Coral reef diseases have become more common as stresses on reefs increase. The causative organism is known only for a handful of these diseases, and those organisms were identified relatively recently. Most coral diseases are named for their appearance – white band disease, for example.
It is likely that the organisms causing these diseases have been around for a long time, but corals were not susceptible to their effects until recently. As corals have become under increasing pressure from human activity, they may have been weakened enough that they are now succumbing to infection by organisms they once were able to resist.
> Black Band Disease (BBD) <
One of the better understood coral diseases, BBD is characterized by a dark red to black band, up to 30 millimeters wide, moving slowly across the coral and leaving behind nothing but the coral skeleton. This “black band” is a bacterial mat composed of thee closely related species of cyanobacteria (also called blue-green algae), arranged in layers. The bottom layer secretes toxic sulfides, which suffocate the coral. Black band disease can destroy up to 2cm per day of coral.
BBD increases in frequency when temperatures are highest, in the late summer or early fall. Researchers have found that enclosing affected corals in a bag of antibiotics often can cure the infection, but this is expensive, time-consuming, and usually reserved only for particularly valuable coral colonies.

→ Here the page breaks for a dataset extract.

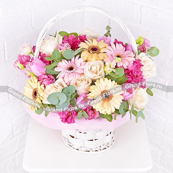 Уменьшенный: роза белая - 4 шт., гербера розовая - 1 шт., гербера желтая - 2 шт., тюльпан розовый - 4 шт., эустома розовая - 4 шт., эвкалипт, оазис, корзина. Примерный размер: 20Х20 см.

> White Band Disease (WBD) <
First identified in 1977, white band disease appears to affect only staghorn and elkhorn corals, and scientists believe it is the predominant cause in the decline of these two types of coral. The disease manifests as a uniform white band of peeling tissue. It can move at a rate of 5 mm per day.
Despite 20 years of research, the cause of white band disease has not yet been identified.
> White Plague <
White plague appears similar to White Band Disease, but affects different coral species. There are three known types of plague, but not much is known about any of them.
* Type I
White Plague Type I was first identified in 1977 in the Florida Keys and appears to affect 10 different species of coral. This disease spreads slowly, at most 3 mm/day, and can take three to four months to kill coral. The cause is still unknown.
* Type II
White Plague Type II also appeared first in the Florida Keys, this time in June 1995. It moves much quicker than Type I, at up to 2 cm/day and kills small colonies within days. Type II affects 33 coral species, many more than Type I, and has spread beyond its original territory into the southern and central Caribbean.
The cause of Plague Type II may be a previously unknown species of Sphingomonas. Scientists are unsure where it came from, whether it is related to Type I or why it is so much more virulent than Type I.
* Type III
White Plague Type III was first identified in 2000 and causes much greater tissue loss than the other two types. No cause has been identified.
> Red-band Disease (RBD) <
Like black-band disease, RBD consists of a band of cyanobacteria moving slowly across the coral, leaving behind dead tissue. However, the species of cyanobacteria are different in the two diseases. Experts have identified two types of RBD.
This type of RBD most closely resembles BBD, but the band is more reddish in color and the bacteria are not organized into layers.
RBD-2 has a different appearance than RBD-1, more like a loose net than a tight band.
> Dark-Spots Disease (DSD) <
This disease, characterized by dark purple, brown or grey markings, has been seen for many years but has only recently been studied and named. The discolored spots of DSD may be circular or irregular in shape and are scattered across the coral colony. Affected polyps appear smaller than unaffected polyps.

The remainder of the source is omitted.